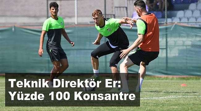 Yeni sezon hazırlıklarını ilimizde sürdüren Bursaspor’da Teknik Mustafa Er, oyuncularını uyardı. “99 demiyorum, yüzde 100 konsantre olacaksınız. Gelişmek istiyorsanız bunları yapacaksınız” dedi.
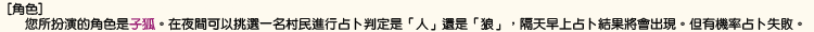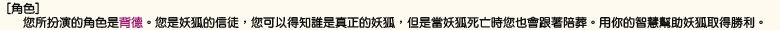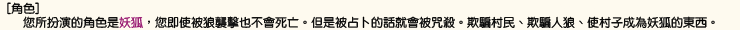 [勝利條件] ・村民的勝利 將人狼、妖狐和子狐全滅 ・人狼的勝利 殺死妖狐和子狐,並使村民的人數和人狼的人數相同或是更少。 ・妖狐的勝利 人狼全滅的時候、以及村民的人數和人狼的人數相同或是更少的時候,若妖狐或子狐存活就算勝利。 您是否存活下來並不是您玩這個遊戲的目的。 就算自己犧牲了,您的隊伍勝利的話則您也屬於勝利者。 | |||||||||||||||||||||||||||||||||||||||||||||||||||||||||||||||||||||||||||||||||||||||||||||||||||||||||||||||||||||||||||||||||||||||||||||||||||||||||||||||||||||||||||||||||||||||||||||||||||||||||||||||||||||||||||||||||||||||||||||||||||||||||||||||||||||
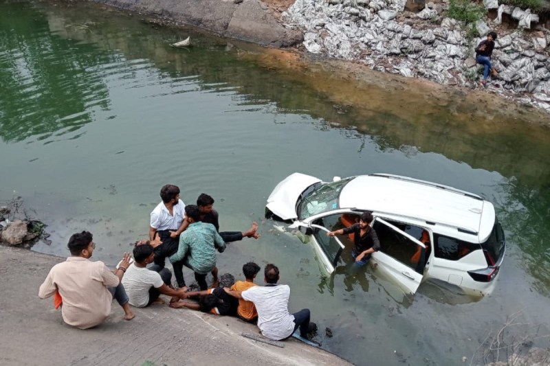 Accident: बेकाबू कार हसदेव नहर में गिरी, बाल-बाल बची चार युवकों की जान, देखें Video
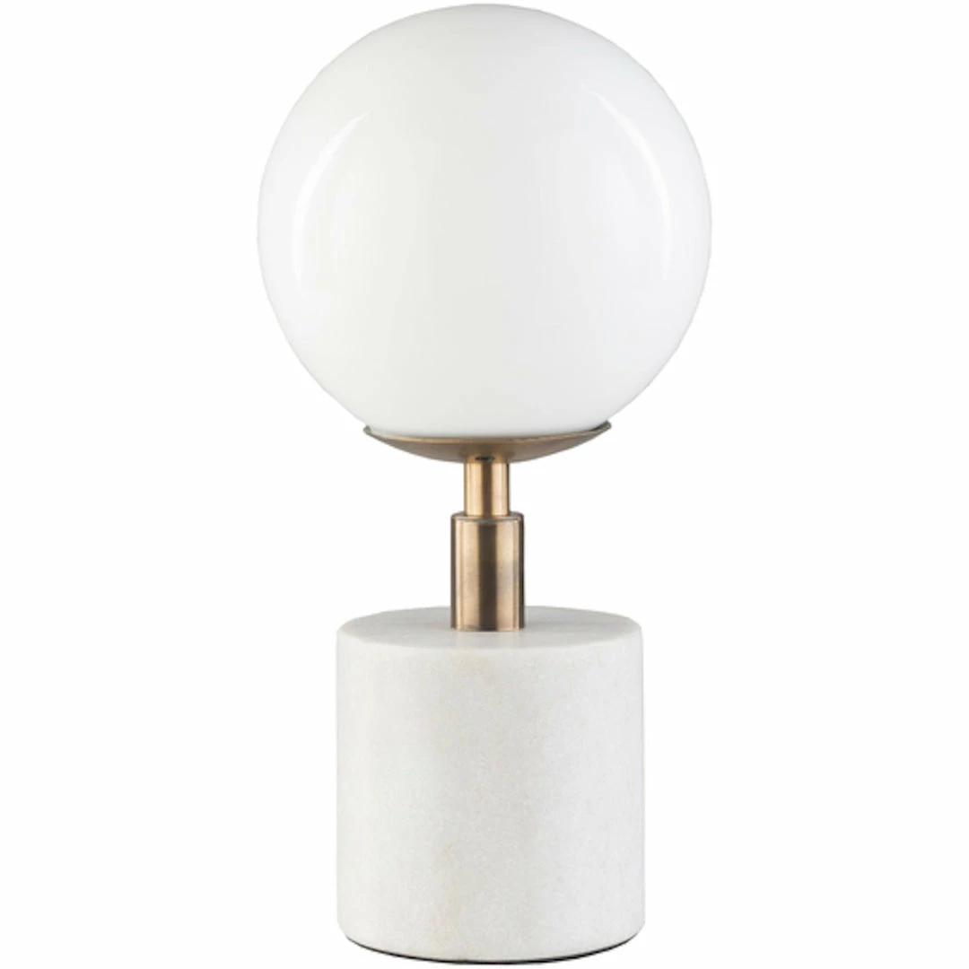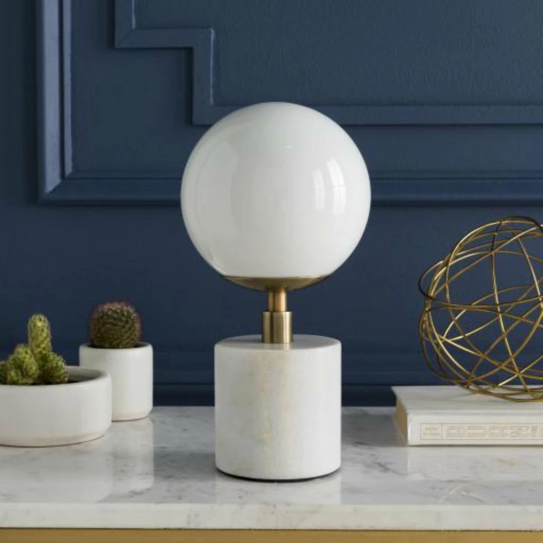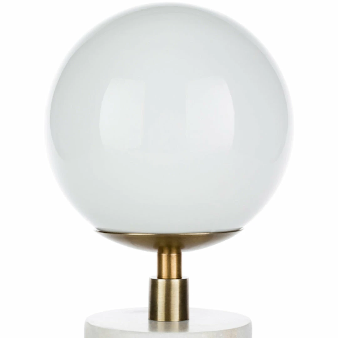 Table Lamp,ย Natural Metal Body,ย Milk Glass Shade,ย Natural Marble Base
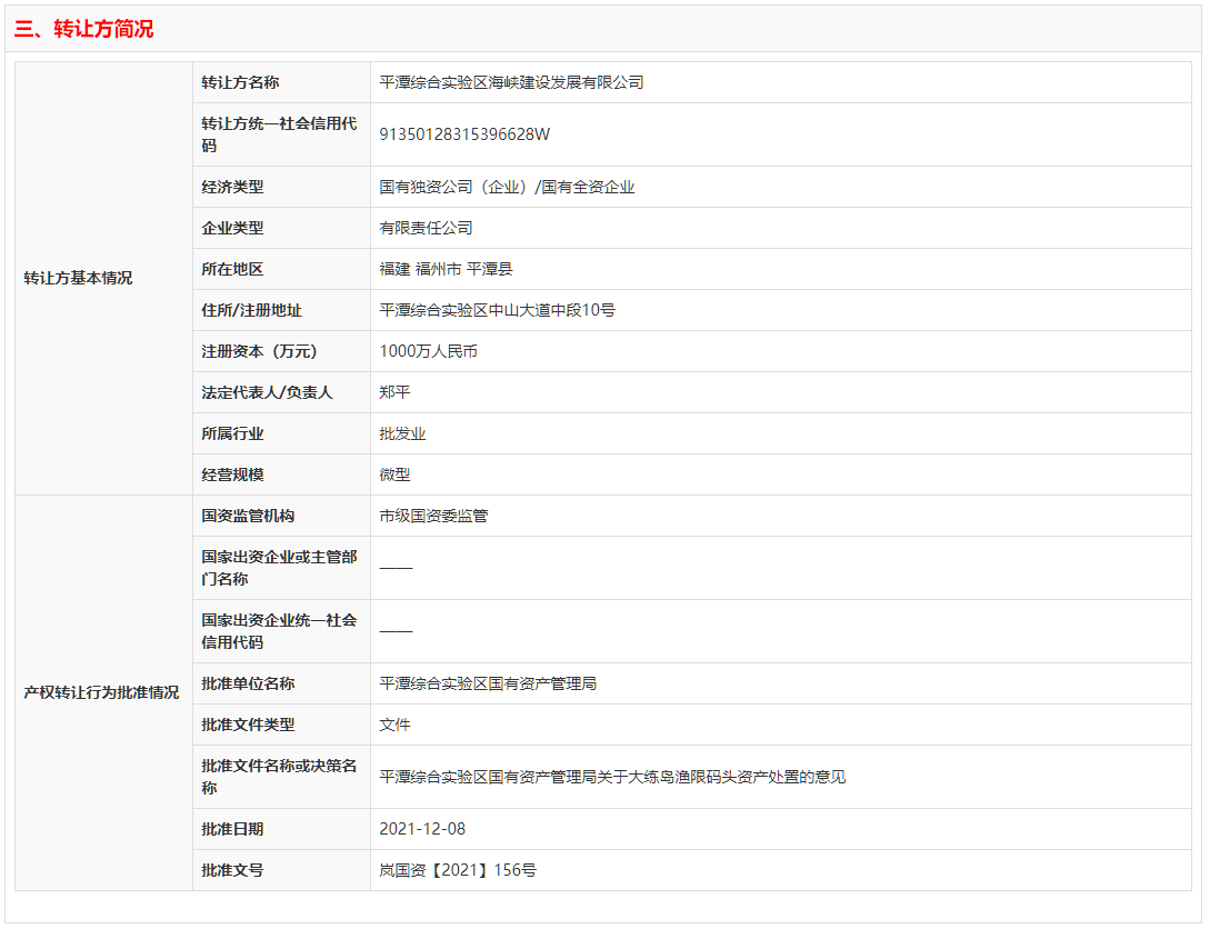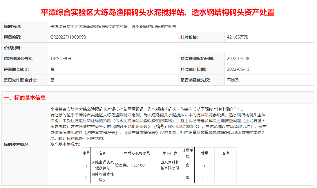 日前,福建省產(chǎn)權(quán)交易中心發(fā)布《平潭綜合實驗區(qū)大練島漁限碼頭水泥攪拌站、透水鋼結(jié)構(gòu)碼頭資產(chǎn)處置》項目,掛牌價格為421.65萬元。
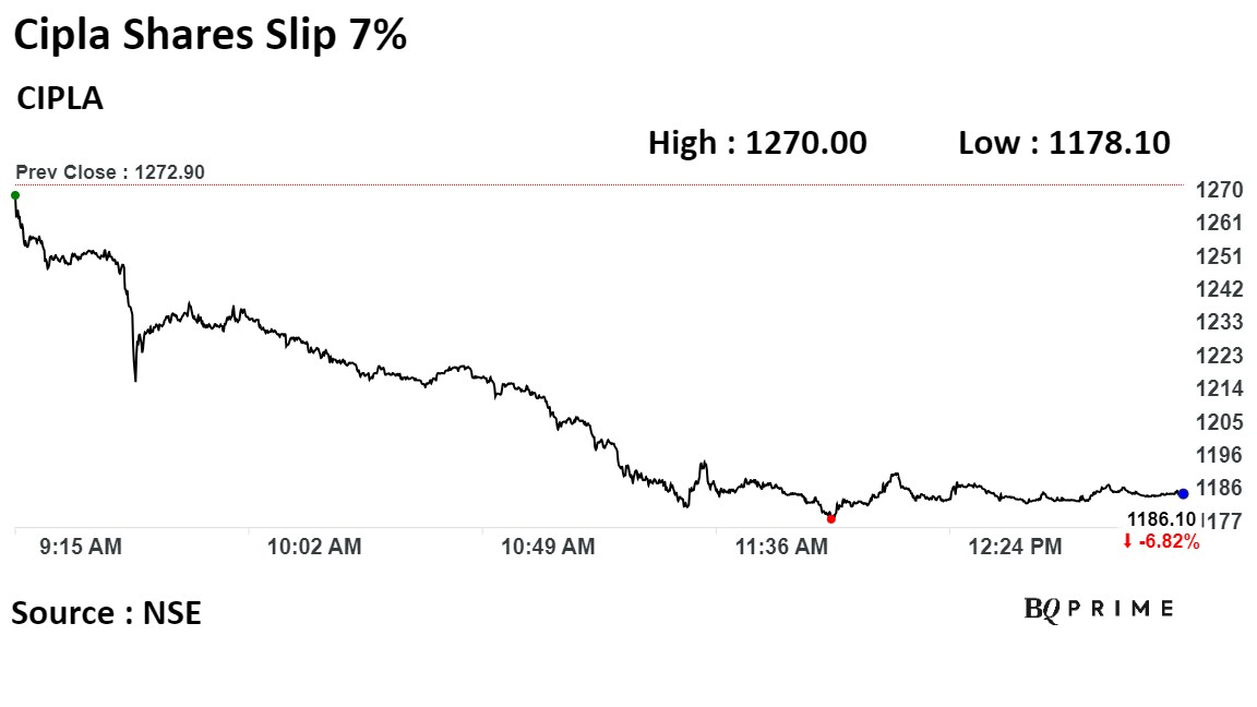 Shares of Cipla Ltd. fell as much as 7.35%, before paring loss to trade 6.76% lower at 1:05 p.m., compared to a 0.03% decline in the NSE Nifty 50.

····················

EXERCISE OBJECTIVE:
Each line from the first line of the data above through the one containing "日前,福建省產(chǎn)權" must be set down exactly; the pictures must not be.

THE ANSWER:
 Yeni sezon hazırlıklarını ilimizde sürdüren Bursaspor’da Teknik Mustafa Er, oyuncularını uyardı. “99 demiyorum, yüzde 100 konsantre olacaksınız. Gelişmek istiyorsanız bunları yapacaksınız” dedi.
 [勝利條件] ・村民的勝利 將人狼、妖狐和子狐全滅 ・人狼的勝利 殺死妖狐和子狐,並使村民的人數和人狼的人數相同或是更少。 ・妖狐的勝利 人狼全滅的時候、以及村民的人數和人狼的人數相同或是更少的時候,若妖狐或子狐存活就算勝利。 您是否存活下來並不是您玩這個遊戲的目的。 就算自己犧牲了,您的隊伍勝利的話則您也屬於勝利者。 | |||||||||||||||||||||||||||||||||||||||||||||||||||||||||||||||||||||||||||||||||||||||||||||||||||||||||||||||||||||||||||||||||||||||||||||||||||||||||||||||||||||||||||||||||||||||||||||||||||||||||||||||||||||||||||||||||||||||||||||||||||||||||||||||||||||
 Accident: बेकाबू कार हसदेव नहर में गिरी, बाल-बाल बची चार युवकों की जान, देखें Video
 Table Lamp,ย Natural Metal Body,ย Milk Glass Shade,ย Natural Marble Base
 日前,福建省產(chǎn)權(quán)交易中心發(fā)布《平潭綜合實驗區(qū)大練島漁限碼頭水泥攪拌站、透水鋼結(jié)構(gòu)碼頭資產(chǎn)處置》項目,掛牌價格為421.65萬元。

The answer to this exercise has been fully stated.